Question: I've seen many of these, including some very funny cases where the players have been played. But they have me wondering: Why are half of the scammers using the name "Morgan"? Is that like the "Joe" of West Africa? Do hookers approach Nigerian soldiers and say "Me love you long time, Morgan"?
Better reserve an hour or two before clicking on this. If you want just the briefest tour of the goodies on display, go here.
That is really funny.
I responded that I had rec'd his request for the satisfaction due a gentleman, but from his email he did not appear to be a gentleman. If he could satisfy me on that point, I would certainly name my second. As the challenged party I have choice of weapons, and would choose .45 1911s at 50 yards. Never heard back for some reason.
I responded to others, via a spam-catching email account, with a statement I was certainly interested, but to keep things out of writing they should call me, Jay Edgar Hoover at (FBI's headquarters phone number).

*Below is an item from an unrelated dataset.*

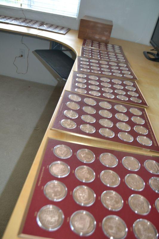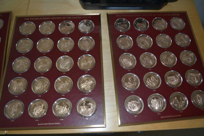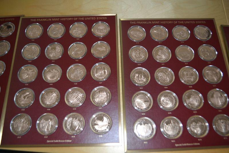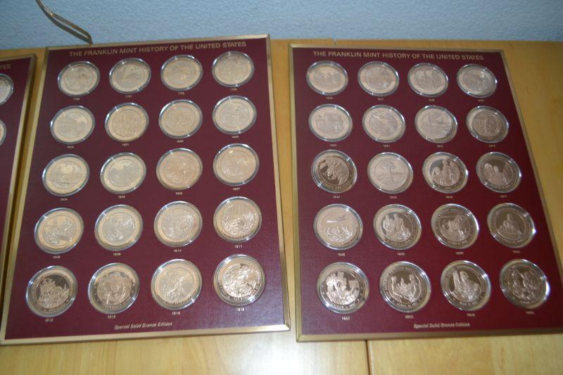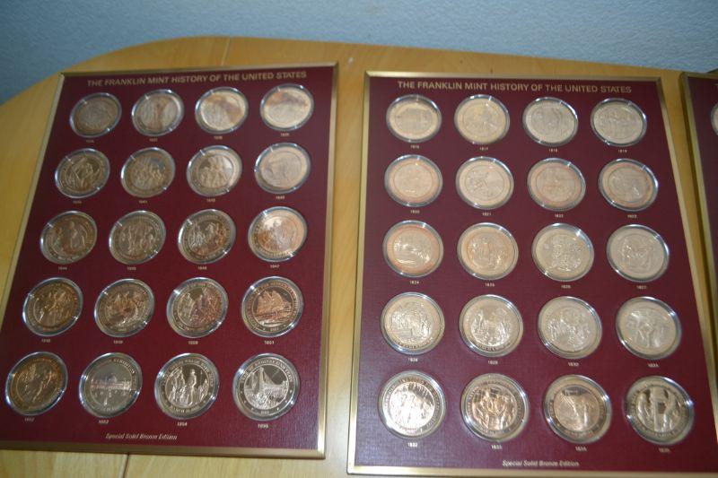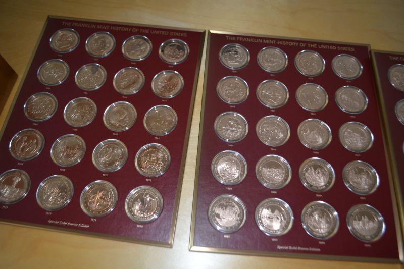 FRANKLIN MINT HISTORY OF THE UNITED STATES SOLID BRONZE COIN SET IN WOOD CASE

I had to argue a gullible friend out of one of them. She wanted to rent a house in Calif., put up something on Craigslist, and got an answer offering to rent her a house for a very low price; send a certified check and I'll have the keys to you by overnight DHL. She was sure it was real. I pointed out (1) it's from a guy in Nigeria; (2) he claims to have been sent there as a missionary; (3) it's written in the usual florid language; (4) overnight DHL from Nigeria??? She finally accepted that it was a scam, but if I hadn't argued her out of it....
There may also be a secondary "what do you mean, the lotto is a tax on stupidity?" issue here, in that people may accept that most of these things are scams, and that you shouldn't let yourself get tricked, but this one seems so sincere/likely to work and if it works for Jim down the street and now he's a millionaire, I'll feel so stupid for having failed to risk such a small amount. Wasn't there a NYTimes article a while back with a guy who had put tens of thousands of dollars into the lotto and was now sad that a guy down the street had won a huge jackpot -- but not so sad that he was going to stop playing? Same problem.
I think this may also explain at least part of the mortgage meltdown, in terms of people who chose to buy a house for $750,000 when they only made $60,000/year. "It's hard, so just say yes" and "I'll feel dumb if the deal gets worse or this works for some other person" are powerful motivators. I think it's probably part of why I agreed to take on student loans when I still didn't know what I wanted to major in, as well.
As I posted in an earlier thread:
I think it is an example of greed being more powerful than logic/education/common sense/etc.